Table 2 Results of TPC, antioxidant activity and caffeine from different brews

The FRAP mechanism is usually used to evaluate the capacity of the antioxidant to stabilize free radicals, used in the evaluation of antioxidant activity of coffee and coffee-like beverages (Acidri et al. 2020). Based on available literature, the absolute values of AA depend largely on the followed methodology, nevertheless FRAP generally presents better results than ABTS assay, also known as Trolox equivalent antioxidant capacity (TEAC), or 2,2-Diphenyl-1-picrylhydrazyl (DPPH) assay. The AA results of baobab brews (Table 2) presented the initial value 8.2 mmol Fe2+/100 g (UBS), increasing until 55 min roasting time (18.9 mmol Fe2+/100 g) and decreasing later until 105 min (15.2 mmol Fe2+/100 g), similar to the reported previously concerning TPC (Table 2). As observed in Table 2, AA results of baobab brews were significantly lower than UCB (26.8 mmol Fe2+/100 g) and DeCB (24.3 mmol Fe2+/100 g). Previous reports also observed a correlation between TPC and AA on coffee extracts (Bobkova et al. 2020) and coffee substitutes (Samsonowicz et al. 2019). In fact, chlorogenic acid and polyphenols such as caffeic, ferulic and n-coumaric acids are identified as some of the compounds related to the antioxidant properties of coffee (Pinheiro et al. 2021; Bobkova et al. 2020). The impact of roasting degree in AA has been reported in previous studies (Alamri et al. 2022; Acidri et al. 2020), however results are not conclusive and may be dependent on processing conditions (Ismail et al. 2022).

Caffeine is an alkaloid found in tea and coffee, odorless, with pronounced bitterness and important in the development of the flavour of brews (Ismail et al. 2022; Pinheiro et al. 2021). Actually, it is the most consumed psychoactive substance throughout the world, identified as stimulant of the central nervous system (Masi et al. 2016), with beneficial effects on neurological diseases and decreasing the risk of type 2 diabetes. Despite these positive impacts, caffeine intake is also related with nervousness, anxiety or increase on blood pressure (Belguidoum et al. 2014). In the present study, caffein of baobab brews (Table 2) presented results around 17.3 mg/100 g, for UBS sample, significantly lower than UCB (1139.5 mg/100 g) and DeCB (123.3 mg/100 g), consequence of the lower caffein content of baobab seeds (Olaitan et al. 2014). Additionally, caffeine increased from 17.3 mg/100 g (UBS) to 21.2 mg/100 g (RBS30) during the early 30 min roasting time, consequence of the drying effect (Table 1).
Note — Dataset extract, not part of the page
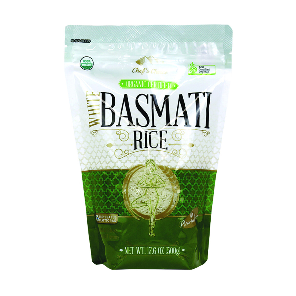 Chef’s Choice Certified Organic Basmati White Rice is an aromatic long grain white rice with a subtle nutty flavour and fine texture. Use Basmati rice as a perfect side dish with soups, stews, pilafs, casseroles and curries.

However, from 55 to 105 min caffeine values did not present significant differences (P > 0.05), indicating a significant heat stability, as observed in previous reports (Alamri et al. 2022).

Conclusions

The current study focused on the evaluation of roasting time on the physico-chemical properties of baobab seeds and bioactive compounds of baobab brew, compared to unroasted coffee beans and decaffeinated. The effect of roasting time on baobab seeds was similar to the reported on coffee beans, namely lower water content, lower hardness and darker appearance, consequence of pyrolysis, caramelization and Maillard reactions. The results showed a decrease on the pH of baobab brew with roasting time, contrary to the reported for coffee beans. A correlation was observed between TPC and AA, with similar evolution during roasting time and obtaining maximum values around 55–80 min. Caffeine presented a solid heat stability, with values significantly lower than decaffeinated, making roasted baobab seeds a valid option for consumers with caffeine sensitivity.